● ASSIGNED TASK: Only a number is wanted here: how many lines in the entries below contain the word "This".

● MATERIAL SUPPLIED:
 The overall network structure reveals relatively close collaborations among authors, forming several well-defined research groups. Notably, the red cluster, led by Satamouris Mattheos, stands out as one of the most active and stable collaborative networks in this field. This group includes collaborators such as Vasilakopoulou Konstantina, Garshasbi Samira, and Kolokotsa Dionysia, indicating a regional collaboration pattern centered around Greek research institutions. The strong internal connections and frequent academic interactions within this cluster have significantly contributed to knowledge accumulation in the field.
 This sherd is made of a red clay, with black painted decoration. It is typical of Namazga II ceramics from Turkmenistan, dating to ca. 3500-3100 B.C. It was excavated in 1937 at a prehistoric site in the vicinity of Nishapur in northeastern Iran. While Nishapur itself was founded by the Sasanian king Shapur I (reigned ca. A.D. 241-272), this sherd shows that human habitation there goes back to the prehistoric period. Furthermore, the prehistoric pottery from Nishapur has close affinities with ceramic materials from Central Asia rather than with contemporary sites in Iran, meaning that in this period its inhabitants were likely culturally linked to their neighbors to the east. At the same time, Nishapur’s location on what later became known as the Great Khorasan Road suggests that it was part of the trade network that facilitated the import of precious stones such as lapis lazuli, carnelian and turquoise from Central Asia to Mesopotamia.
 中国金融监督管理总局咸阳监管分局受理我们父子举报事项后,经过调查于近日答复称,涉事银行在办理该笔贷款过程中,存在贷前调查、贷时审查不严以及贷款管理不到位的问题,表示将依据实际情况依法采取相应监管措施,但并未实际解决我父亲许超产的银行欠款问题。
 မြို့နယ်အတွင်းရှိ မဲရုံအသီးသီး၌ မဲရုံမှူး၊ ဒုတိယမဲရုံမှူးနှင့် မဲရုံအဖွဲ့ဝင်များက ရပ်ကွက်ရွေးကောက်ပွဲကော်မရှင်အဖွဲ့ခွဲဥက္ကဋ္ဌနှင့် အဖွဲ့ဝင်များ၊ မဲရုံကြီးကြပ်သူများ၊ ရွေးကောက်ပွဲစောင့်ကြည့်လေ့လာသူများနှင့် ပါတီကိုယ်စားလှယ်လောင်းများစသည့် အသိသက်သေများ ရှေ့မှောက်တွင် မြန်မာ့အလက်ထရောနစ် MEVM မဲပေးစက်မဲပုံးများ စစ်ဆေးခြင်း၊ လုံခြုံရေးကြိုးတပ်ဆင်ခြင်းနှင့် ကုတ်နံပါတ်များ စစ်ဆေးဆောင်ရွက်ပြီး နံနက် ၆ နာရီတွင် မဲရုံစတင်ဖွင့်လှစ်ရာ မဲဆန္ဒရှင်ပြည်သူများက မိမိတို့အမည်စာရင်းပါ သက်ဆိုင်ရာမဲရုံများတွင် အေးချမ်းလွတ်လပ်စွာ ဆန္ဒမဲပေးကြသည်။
* * *
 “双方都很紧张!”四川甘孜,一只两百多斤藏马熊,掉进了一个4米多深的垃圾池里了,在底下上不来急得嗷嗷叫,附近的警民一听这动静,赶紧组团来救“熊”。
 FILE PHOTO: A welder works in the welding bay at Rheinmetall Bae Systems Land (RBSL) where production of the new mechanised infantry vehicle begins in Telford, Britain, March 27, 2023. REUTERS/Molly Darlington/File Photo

● TASK SOLUTION: 2